Writers on pop music (collective noun: a confusion) have usually had Mitchell’s back because they imagine she elevates the trivial into something significant, which reflects favourably upon them. Her fellow songwriters share that view, and Graham Nash tipped up to underline it. She wrote “A Case of You”, one of her dreariest songs, for Nashy of Salford, who speaks as Albert Tatlock might have done if he had bought a council house in Laurel Canyon. A “case” of you? Heavens, two sips of Mitchell’s home brew are quite sufficient to knock out an elephant.

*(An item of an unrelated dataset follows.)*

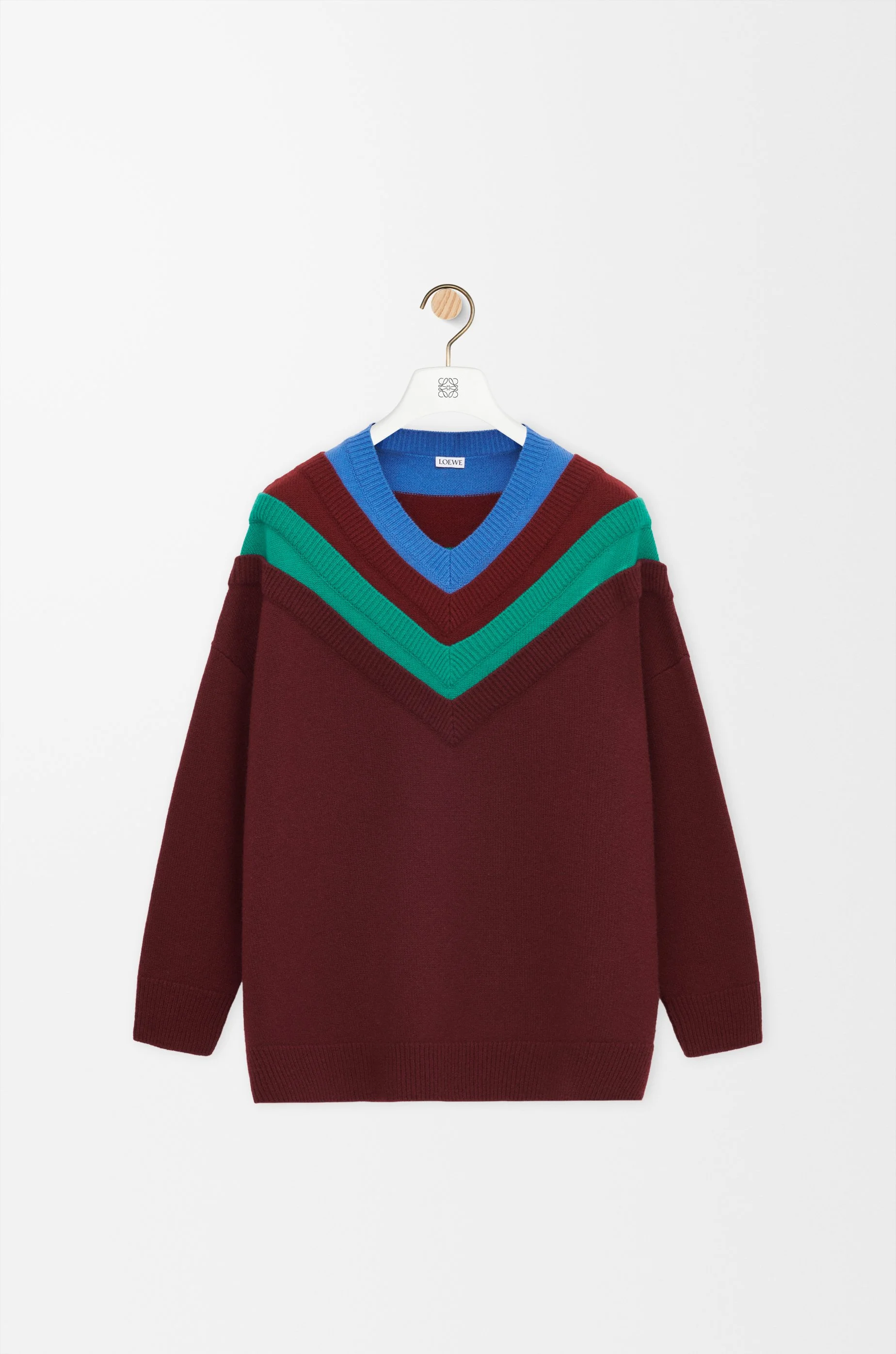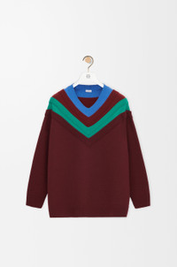 Sweater in medium-weight wool featuring a trompe l’œil layered construction. - Relaxed fit, long length - V-neck - Ribbed collar, cuffs and hem - Anagram embossed leather tab placed at the side Colour: Green/Red/Multicolor Main material: Wool Weight: 0.4 kg Made in: Italy Materials & care Main Material: 100% wool

Richard Wagner used to be another blind spot. The moment of revelation came with Furtwängler’s recording of Tristan und Isolde, enhanced by a superb interval talk Michael Tanner gave 32 years ago during a performance of Parsifal.

The Master’s final opera went out again on Radio 3 in a recording made at Bayreuth last summer. Sadly, this year’s expert, one Chris Walton, is no Tanner. He kicked off by saying Parsifal was a drama of “second chances”, which is what the games master at St Custard’s might say to his Under 11s before a return fixture at St Cake’s.

Parsifal, the fool “made wise by pity”, was dubbed “a mummy’s boy”, and the Knights of the Grail written off as “eejits”. So that’s what this sacred music drama is all about! Why didn’t they just pave Paradise, and put up a parking lot?

When he took off his silly hat and put away the penny whistle, Walton spoke intelligently about the “almost intolerable beauty” (Bryan Magee) of this incomparable opera. It contained, he admitted, “some darn good music”. You can raise that bar a little higher if you like, Mr Walton.

But the fact he felt obliged to talk down to listeners, most of whom will have been familiar with Wagner’s life and work, was another example of how Radio 3 patronises its audience. Best to follow Wagner’s advice. “Make it new,” he said. Not “make it groovy”.

It’s an odd world where the fruits of genius are mocked by debunkers, while the tyres of popular culture are inflated beyond the pressure they can possibly bear. As identity increasingly trumps talent it’s going to get a lot worse. Ignore the relativists. Wagner really was a colossus, and Parsifal really is better than The Hissing of Summer Lawns. Though Court and Spark isn’t bad.